We are not anticipating handling table permissions at schema level, as we will be using application-level logins and the 7-character prefixes are not an issue as we're using LINQ so the tables can simply be renamed in the DMBL (although I know that presents some challenges when we update the DBML).

So therefore, given that both teams need to be aligned with one another, can anyone offer any convincing arguments either way?

  • So is there a reason you are using Schemas in the first place? Do you need to segregate these functional areas for security? What's your motivation?
    – JNK
    Commented Dec 3, 2012 at 14:08
  • Our motivation was to give us the option of controlling security this way further down the line, however this now seems less likely. Also, we felt that segregating our tables would be a good thing to do as there's nearly 100, and schemas seemed a neater way than purely using prefixes
    – Niall
    Commented Dec 3, 2012 at 14:19
  • Well the biggest reasons to use them are portability and security. Absent that it's just personal preference. Maybe if you laid out your requirements more you could get a more complete response. Do you think you will need to move the accounting objects ONLY to another DB or server? Will you need to do security by functional area?
    – JNK
    Commented Dec 3, 2012 at 14:33
  • No, I think it's unlikely that we will need to move any objects away from this server. So from what you've said it sounds like there is no "good" reason not to adopt their approach beyond my own personal preference. Thanks for your response
    – Niall
    Commented Dec 3, 2012 at 14:50
  • I threw some of that into an answer. Let me know if you have other questions, but if you have deeper questions on database security or design Database Administrators may be a better place for it. I'm biased since I'm a mod there but we love questions like this.
    – JNK
    Commented Dec 3, 2012 at 14:56

1 Answer 1


This is far from an authoritative answer on using schemas, but generally you want to use them for one of two reasons: Security isolation or portability of related objects.

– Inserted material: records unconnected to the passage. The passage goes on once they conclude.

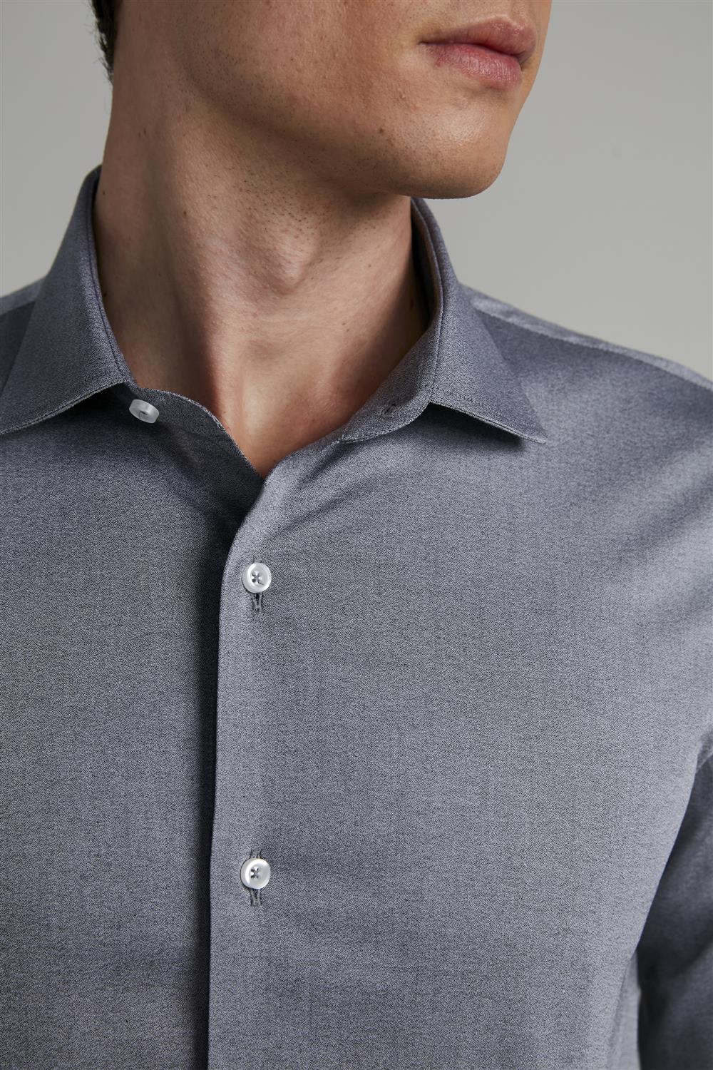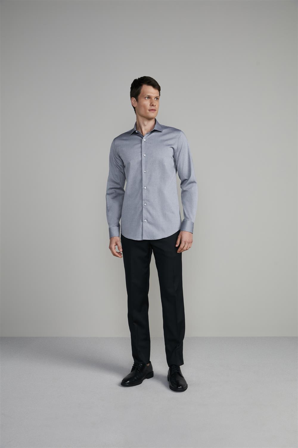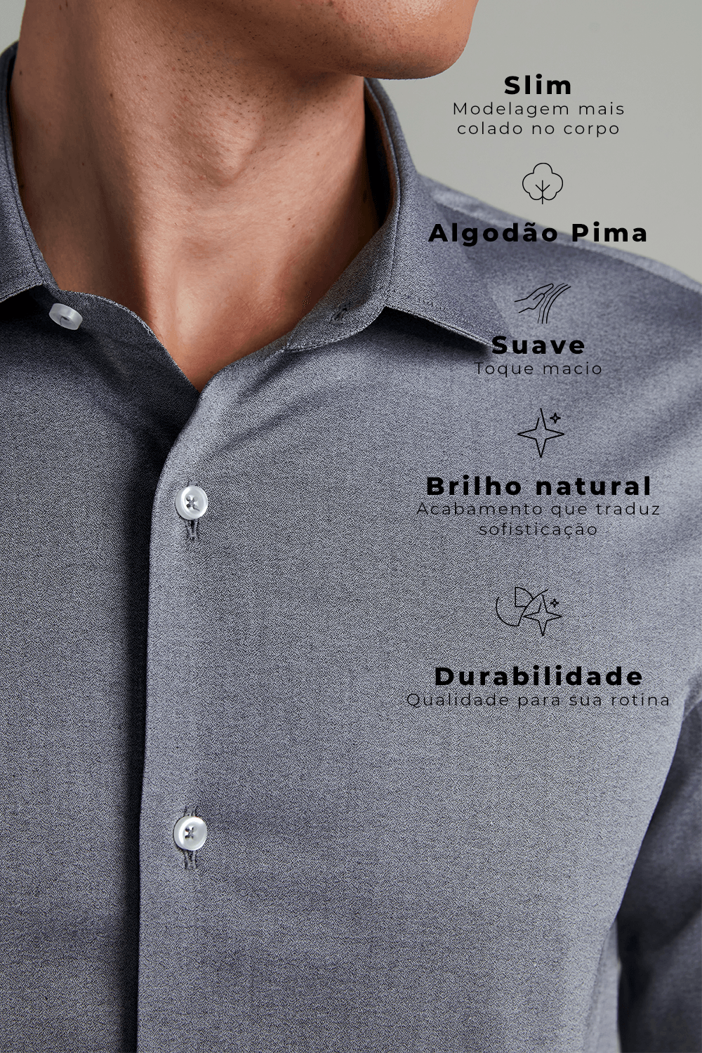 A Camisa Social Slim Fit é confeccionada em 100% Algodão Pima, oferecendo uma suavidade incomparável, brilho natural e uma durabilidade excepcional. A peça conta com colarinho New York.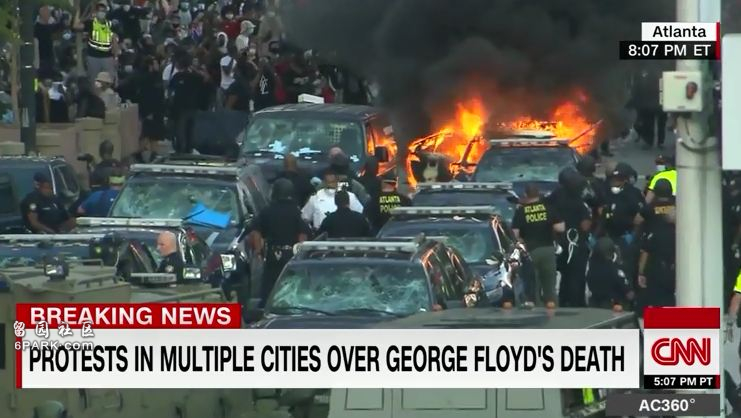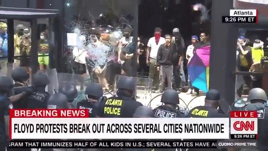 29日,亚特兰大的抗议活动因为CNN,成了明尼阿波利斯之外的另一焦点。CNN表示,亚特兰大的抗议活动在29日下午早些时候开始,一开始比较和平。到了下午6点左右,抗议者开始向聚集了很多警察的CNN总部大楼移动,该大楼里有一个亚特兰大警察局分局。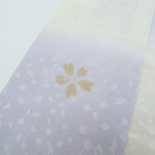 ラベンダー色×アイボリー色の冬の空が市松を繋ぎ、桜吹雪でおめかし♪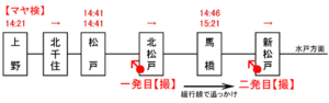 それでも北松戸で撮っているということは・・・快速線のダイヤは覚えていませんが、おそらく絶妙のタイミングに快速(または中電)があったのでしょう。北千住から松戸まで快速(同)に乗ってワープする間に、北千住14:25発の緩行を僅かに追い抜き、松戸でその緩行に飛び乗ったものと思われます。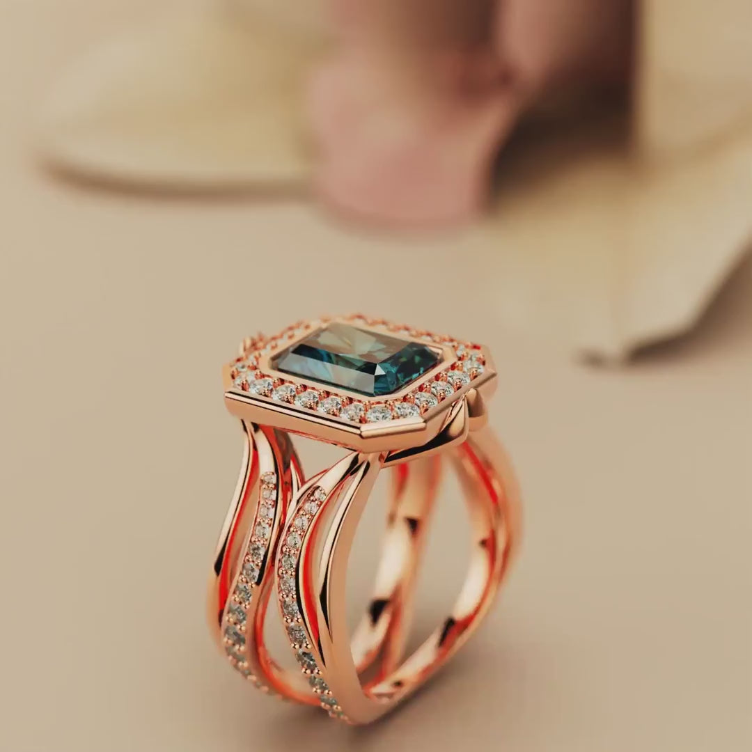 Elysian Glow: Emerald-Shaped Diamond Rose Ring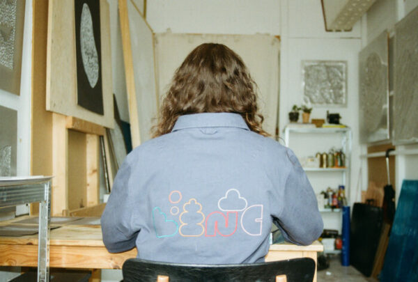 I always dress in layers. Usually a shirt with a vest. I need things I can peel off when it’s too hot, but when it’s cold in the studio, it’s really cold! So I’ll do a vest, a long sleeve T-shirt, a jumper, then an oversized shirt. If I’m doing drawings, I can dress up a little bit more because it doesn’t require too much moving about. Whereas if I’m doing a large piece, I need comfy trousers with stretch so there’s nothing digging into me when I’m sitting on the floor. A comfy top, anything with a nice soft fabric. Natural fabrics are best – denim or wool with a stretch, or linen – just anything hard-wearing and comfortable.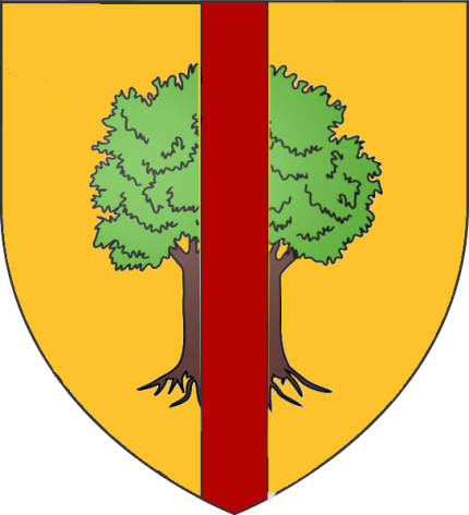 D’or au pal de gueules adextré et senestré d’un demi-arbre arraché de sinople fûté au naturel.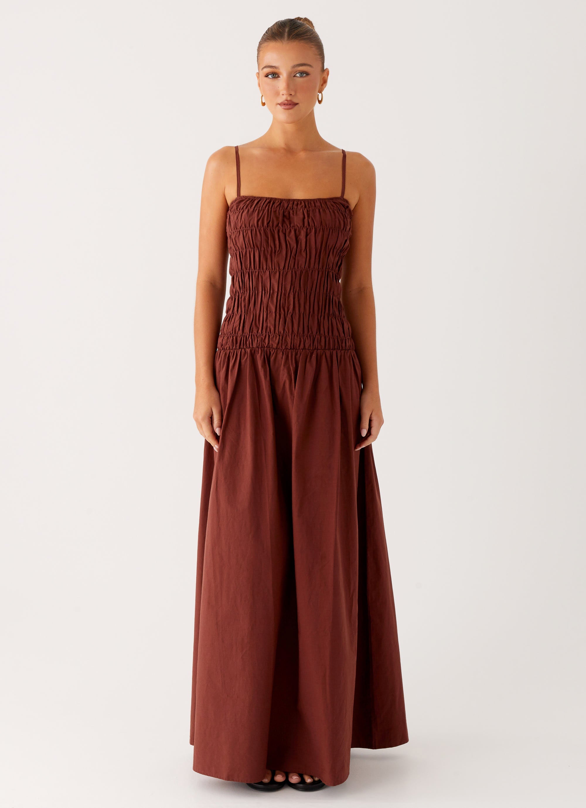 The Brooke Maxi Dress is an effortlessly romantic piece with a shirred bodice, adjustable straps, and a dropped waist. Its soft scoop neckline and flowing maxi length make it a timeless warm-weather staple.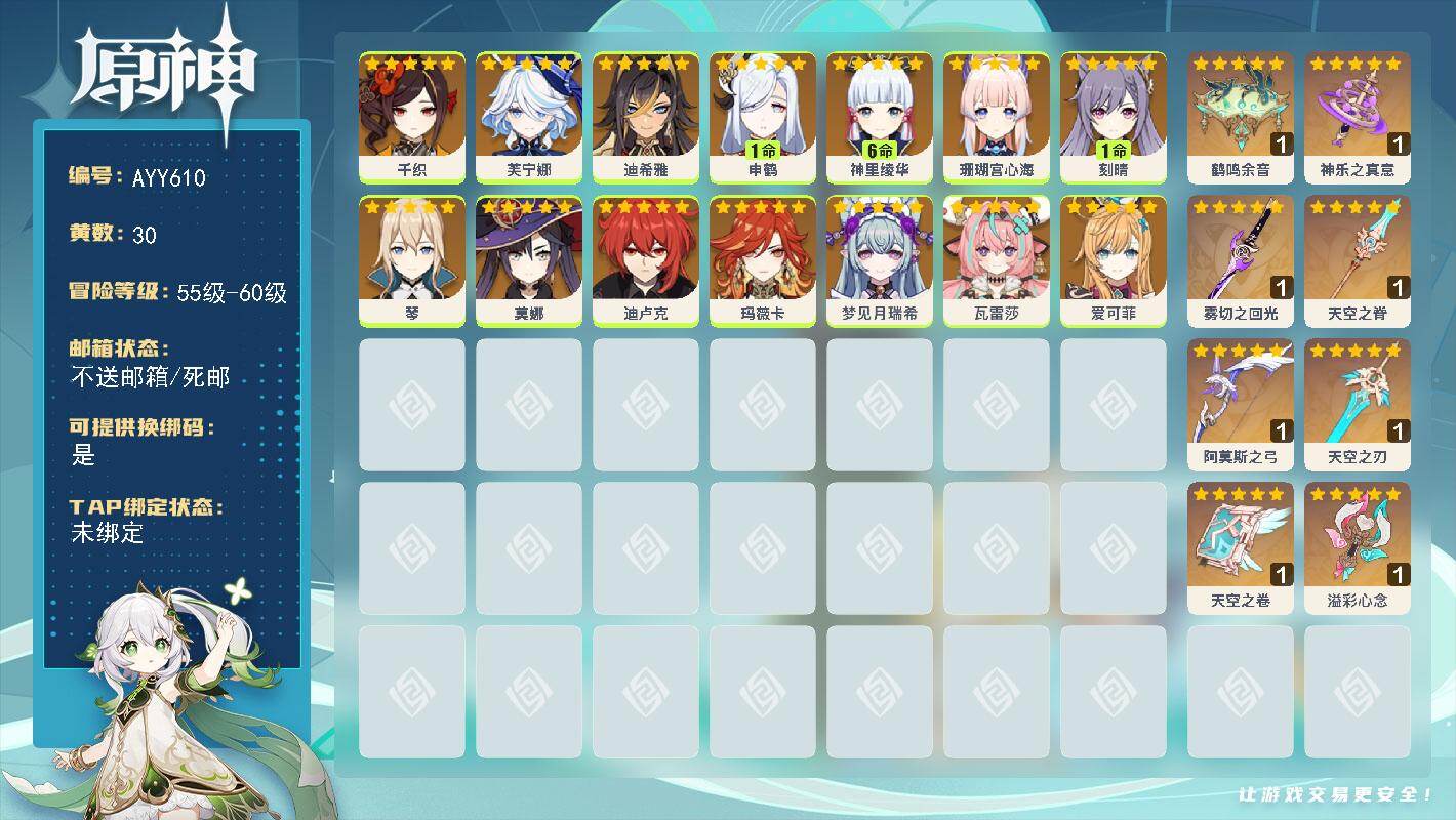 60级/39黄/女主/19个五星角色/6个五星武器0命那维莱特,2命纳西妲,0命提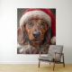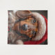 L'image montre un adorable dachshund habillé en tenue festive, avec un casquette du Père Noël rouge à la garniture blanche et moelleuse. Les grands yeux expressifs et le nez noir brillant du chien sont les points focaux du gros plan, créant une atmosphère de vacances charmante et pleine de charme. Le dachshund porte également une tenue confortable rouge avec un collier de fausse fourrure, ajoutant à l'atmosphère festive et chaleureuse de la scène.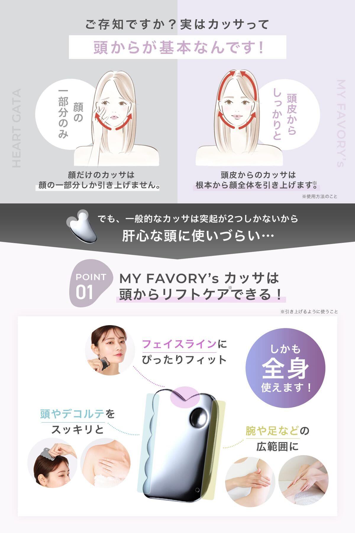 【 全身使える!オールインワン カッサ 】myfavory'sのテラヘルツカッサは「頭・顔・デコルテ・腕・足」、全身に使うことができます。頭やデコルテは、5つの突起部分で。フェイスラインには、2つの突起がぴったりフィット。足や腕に対しては、平らな面でしっかりと流せます。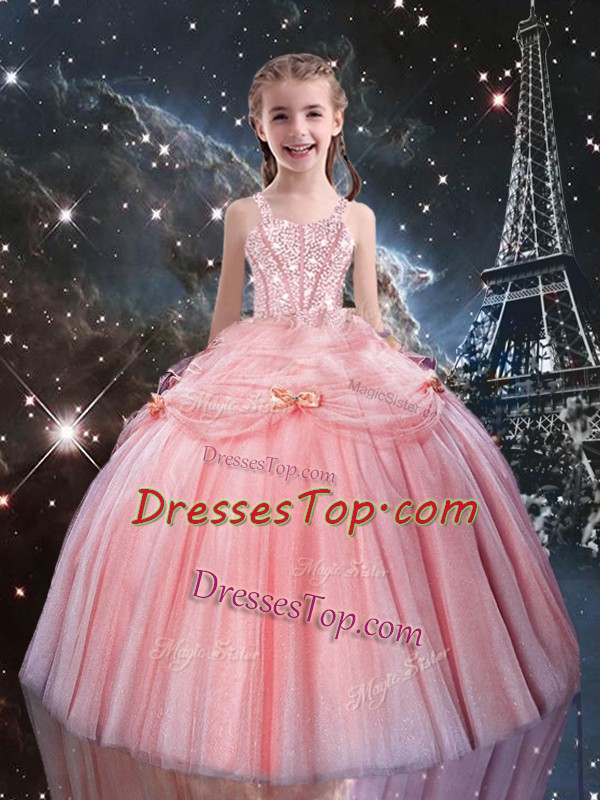 Adorable Floor Length Ball Gowns Sleeveless Rose Pink Pageant Gowns For Girls Lace Up
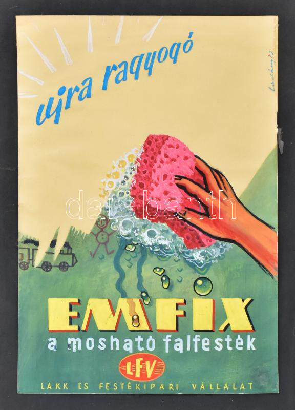 Ladányi József, működött a XX. sz. közepén: Emfix, a mosható felfesték (reklám- vagy plakátterv), 1960 körül. Tempera, papír, jelzett, papírra kasírozva, szélein kissé sérült, 20,5x14 cm.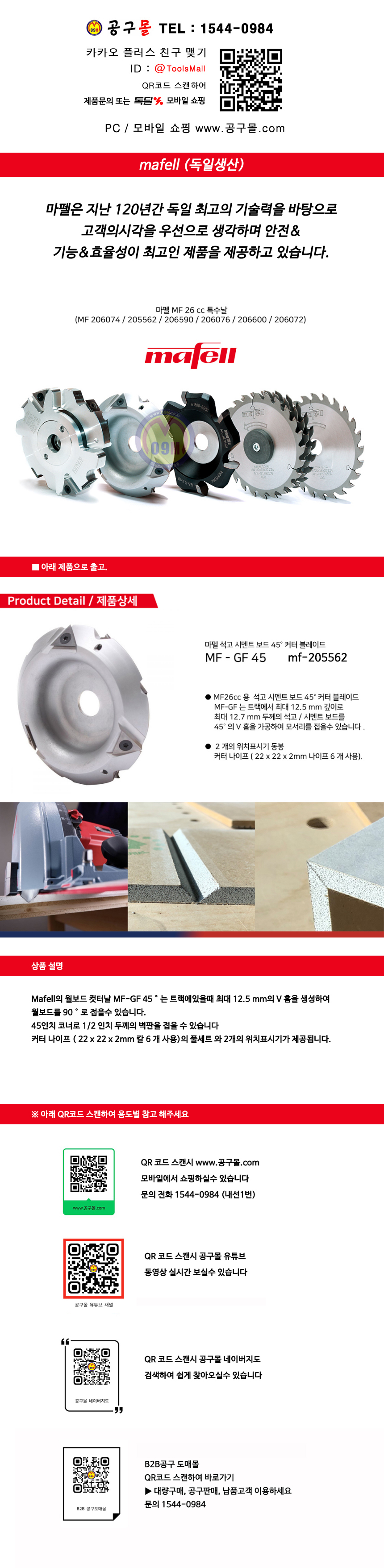 마펠 MF26cc용 월보드컷 MF-GF45도, MAFELL V홈을 생성 커터 블레이드, mf-205562

It's possible to assign security permissions based on schema, which greatly simplifies complicated structures. Think of an HR system where some people need to see hours, managers need to see files, but only specific individuals need to see anything related to pay. If you put the pay stuff in a Salary schema you isolate from the rest of the data pretty effectively.

This can be done separately with other methods like views or granting permissions to specific objects but if you want to separate a group of related objects this is an easy way to go.


Some folks believe schemas make objects more portable. Continuing our previous example, if you need to put the Salary data and related objects into another database or on another server, if they are entirely contained in that schema it would (potentially) be less work to move them all since you script out all objects in that schema.

In practice if you stick to a naming convention you can get the same effect without using a schema.

So, if you don't have security concerns with these objects, and you don't think you will ever need to move them (and you are going to use a strict naming convention ANYWAYS) then it's really a toss up as to which would be preferred.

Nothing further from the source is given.